**Task:** Return, in their exact form, the lines that lie between the start of the data below and the line containing "Jamie Carragher (bên trái) và", with both ends included.

**Data excerpt:**

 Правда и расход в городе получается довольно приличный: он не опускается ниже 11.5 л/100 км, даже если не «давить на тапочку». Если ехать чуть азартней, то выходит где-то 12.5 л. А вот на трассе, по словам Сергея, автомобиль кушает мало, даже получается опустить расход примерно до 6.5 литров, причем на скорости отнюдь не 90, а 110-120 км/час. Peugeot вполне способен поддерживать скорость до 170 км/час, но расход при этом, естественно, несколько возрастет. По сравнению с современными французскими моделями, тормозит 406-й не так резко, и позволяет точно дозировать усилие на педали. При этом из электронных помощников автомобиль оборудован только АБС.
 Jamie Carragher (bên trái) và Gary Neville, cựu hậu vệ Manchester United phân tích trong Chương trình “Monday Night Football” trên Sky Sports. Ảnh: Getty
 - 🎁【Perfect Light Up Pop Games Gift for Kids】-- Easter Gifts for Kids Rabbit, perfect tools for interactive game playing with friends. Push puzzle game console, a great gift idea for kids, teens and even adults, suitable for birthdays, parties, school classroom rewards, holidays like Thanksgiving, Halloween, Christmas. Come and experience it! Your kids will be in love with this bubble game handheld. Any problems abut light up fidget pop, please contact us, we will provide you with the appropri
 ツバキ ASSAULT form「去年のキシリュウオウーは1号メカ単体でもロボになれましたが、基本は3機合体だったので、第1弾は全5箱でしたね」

**Answer section:**
 Правда и расход в городе получается довольно приличный: он не опускается ниже 11.5 л/100 км, даже если не «давить на тапочку». Если ехать чуть азартней, то выходит где-то 12.5 л. А вот на трассе, по словам Сергея, автомобиль кушает мало, даже получается опустить расход примерно до 6.5 литров, причем на скорости отнюдь не 90, а 110-120 км/час. Peugeot вполне способен поддерживать скорость до 170 км/час, но расход при этом, естественно, несколько возрастет. По сравнению с современными французскими моделями, тормозит 406-й не так резко, и позволяет точно дозировать усилие на педали. При этом из электронных помощников автомобиль оборудован только АБС.
 Jamie Carragher (bên trái) và Gary Neville, cựu hậu vệ Manchester United phân tích trong Chương trình “Monday Night Football” trên Sky Sports. Ảnh: Getty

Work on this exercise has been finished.